Objectives

Understand foundations and protocols on layer 2&3
3: Network layer (IP, ICMP)
2: Data-link layer (MAC, Ethernet protocol)

Material

Slides from the lectures
Material known from lab exercises and INR-related colloquia

Thesis Fair

Networking event and way to find projects for RP

Exam

Open-book exam
Bring anything
Questions are problem solving and understanding

Book(s)

Not one book in particular.
• Interconnections: Bridges, Routers, Switches, and Internetworking Protocols
– by Radia Perlman
• Network Routing
– by Deep Medhi and Karthik Ramasamy
• Computer Networks
– by Andrew S. Tanenbaum, Nick Feamster and David J. Wetherall
• Routing and Switching, Time of Convergence,
– by Rita Puzmanova
• Computer Networking: A top-down approach
– by James F. Kurose and Keith W. Ross
• An Introduction to Computer Networks,
– by Peter L. Dordal

Tanenbaum and Kurose and Ross are recommended

The basics

Network properties

What do we want in a network?

• Scope: should serve a wide range of applications
• Scalability: efficient for all sizes
• Robustness: network should still work when components fail:
  • Safety barriers: limit/isolate disruptions
  • Self-stabilisation: prune out incorrect information to continue/resume operations
  • Fault detection: can detect failing components
  • Byzantine robustness: continue working with malicious components
• Auto-configurable: should be able to support plug and play
• Tweak-ability: customisable to needs
• Deterministic: act consistently
• Migration: support live changes

Network models

The end-to-end principle

TL;DR: "Smart edge, dumb core" -> net neutrality
The end devices know what they want to do (what they need), the routers and switches in the core should not care

Core ideas:

• Move intelligence upwards in the OSI layer stack
• Does not tell the ISP where to put their hardware
• More so a philosophy than anything strict

Interfaces: "How do I talk to the layer below me?"
Use Service Data Unit (SDU) through Service Access Point (SAP)
Protocols: "How do I talk to the same layer on the other side?"
Use Protocol Data Unit (PDU)

Data Units

Headers, multiplexing and encapsulation

Multiplexing: Many different sessions go through the same connection
I.e. all TCP traffic goes over your singular wi-fi connection

Protocols in OSI

Layer 2: Switching
Mostly connectionless
Part of INR
Layer 3: Routing
Connectionless
IP
Layer 4: E2E communication
Connection-oriented: TCP
Connectionless: UDP
Topic in AN

Mostly switched to TCP/IP model
Top 3 layers got merged into application layer
Since this is more reflective of reality, those layers happen (and got implemented) in 1 go

End-to-end connectivity

Quick dive

Network elements

Networks as graphs

A graph is a set of vertices and edges
A network is a set of nodes and links

An edge/link is an unordered pair of vertices/nodes

Hosts and networks

To reach a host we need to know where/how it is connected to the network
The host has an interface
These can be physical or virtual
They have an address (might be dynamic)
The host is the endpoint

Interfaces connect "Host nodes" to "Network nodes"

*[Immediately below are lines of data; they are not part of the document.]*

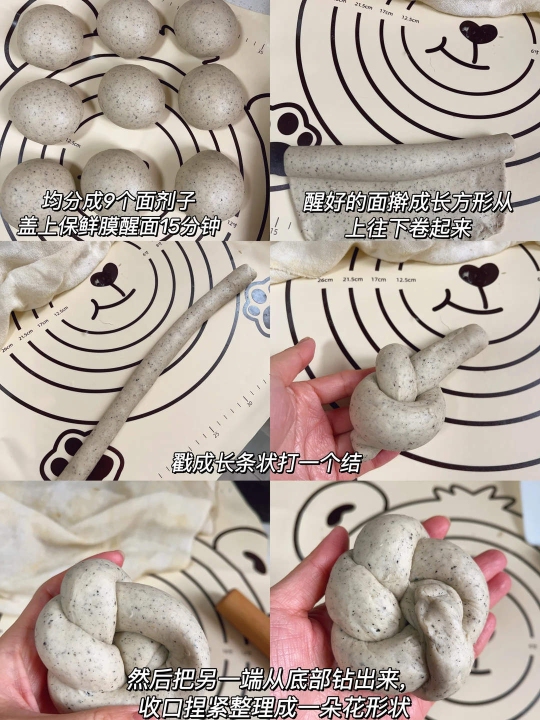 4⃣️松弛好的面团擀成长方形,戳成长条状,可以撒点干面粉防粘,然后整理成花朵形状,放入烤盘中,烤盘可以铺一层油纸,整理好的面团醒发至两倍大
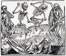 El término adquirió su importancia a partir de su uso en la expresión francesa la danse macabre (‘Danza de la Muerte’) para aludir a la representación alegórica del omnipresente y universal poder de la muerte. La forma típica que adopta esta alegoría es la de una serie de pinturas o esculturas en las que la Muerte se aparece, bien como esqueletos bailando o como cadáveres encogidos en sus sudarios, a gente representativa de todas las edades y circunstancias de la vida, y les lleva a bailar a la sepultura. De los numerosos ejemplos pintados o esculpidos en las paredes de los claustros de las iglesias por toda la Europa medieval se conservan pocos, con la excepción de los grabados.
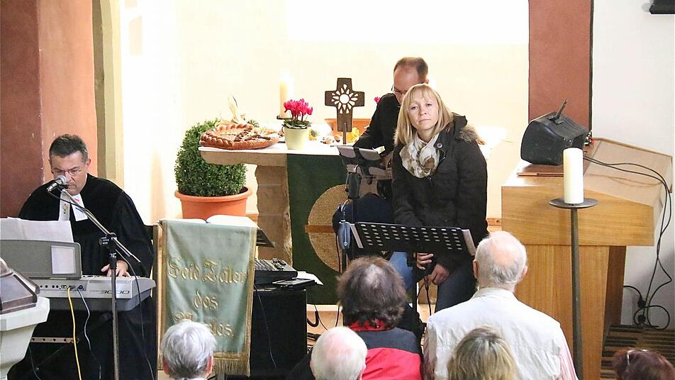 Dort waren am Sonntagvormittag sogar die Stehplätze eng geworden. Es war wieder ein Gottesdienst, den Linder am Keyboard zusammen mit Sängerin Sabine Schramm und Bassist Markus Weber gestaltete. "Wir zeigen Dankbarkeit für unser Leben, das seit vielen Jahrzehnten im Gegensatz zu vielen anderen Ländern hier gut und gesichert ist", lautete Linders Botschaft, die über den bloßen Erntedank hinaus ging.
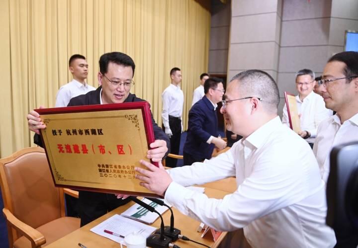 省领导为获得2020年度美丽浙江建设(生态文明示范创建行动计划)工作考核优秀的市、县(市、区)代表,获得2020年度“五水共治”(河长制)工作“大禹鼎”的优秀市、县(市、区)代表,省第四批“无违建县(市、区)”代表授奖牌、授鼎。记者 胡元勇 摄
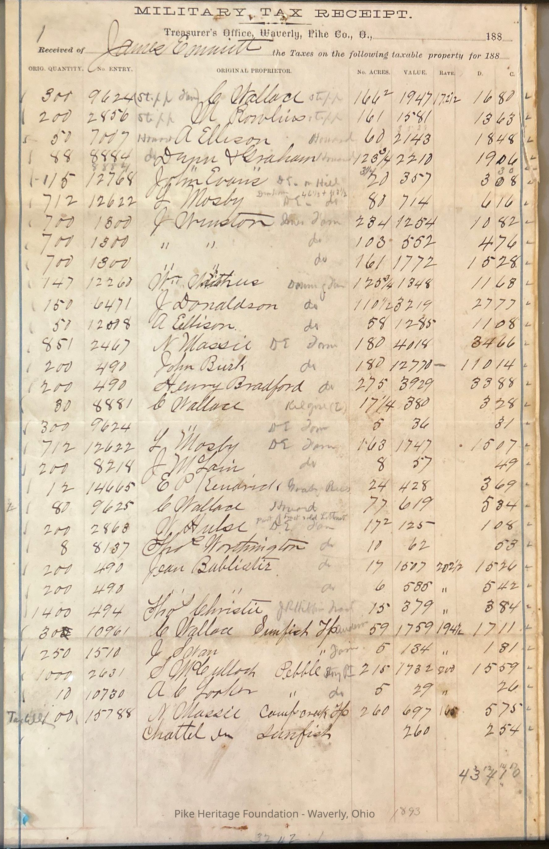 James Emmitt Military Tax Receipt - 1893Entry/Object ID
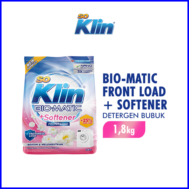 Soklin Biomatic Deterjen Bubuk Softener Bukaan Depan 1 8 Kg

Routers have multiple interfaces
Thus being able to connect networks
Usually connects LAN to WAN

These graphs are bipartite:

Routing

Delivering packets to an address
Using a number of hops to go through intermediate networks
Can be done on all layers, but usually layer 3
IP packet routing (layer 3)
Ethernet frame switching (layer 2)
MPLS label switching (layer "2.5")

Location versus endpoint

Where vs Who

Addresses are locators
Names for topological/geographical positions
Names or identifier for endpoints are missing
Hosts, processes, communication endpoints

Strong vs Weak host model

Strong model:
A host silently discards an incoming datagram whose destination does not correspond to the interface it was received on
Weak model:
A host accepts and routes datagrams that have a destination which is not that of the physical interface, as long as the address is present on the host
Linux uses a weak model, and is usually the default
Simplifies connecting to multiple networks, allowing to send messages across

IP addressing

IPv4:
32-bit
The options are exhausted, solved with things like NAT
Used to use classed addressing, designating certain addresses for certain networks/purposes
Not used because the steps between subnet sizes was too large (256 -> 50.000 -> 16.000.000)
IPv6:
Plenty of addresses

Special addresses:

• 0.0.0.0: unknown
• 127.0.01: loopback
• Host part all 0: network identification
• Host part all 1: directed broadcast
• 255.255.255.255: Local (sub)net broadcast
  These addresses are not meant to be routed

Subnetting and masks

Connecting everyone to everything causes issues
Finding the destination becomes hell
Bad efficiency and management

Fix this by subnetting
Topological layer of addresses
Mask is used to identify the length of the network, e.g. 145.18.254.0/24
Subnet has its own broadcast domain, routers stop broadcasts between subnets
If you want to go outside the subnet, you send the data to the router
Routers will keep delegating to one another until the packet reaches its destination

CIDR and VLSM

CIDR: Classless Inter-Domain-Routing
The idea to let subnet sizes be anything, not just /8,16,24 as in class-based addressing
VLSM: Variable Length Subnet Mask
Use subnets that are not necessarily the same size

Subnets can be subnetted again and again
Used to organise and subdivide larger regions

CIDR and Routing

Routers aggregate the space of its subnets and advertises that
E.g. R2 advertise 1x /17 instead of 4x /19
Makes the routing tables smaller, making it more efficient

IPv4

Header

Protocol Multiplexing

Value indicates the protocol in the data portion of the IP packet

IP in IP for e.g.
VPN
Sending IPv6 over IPv4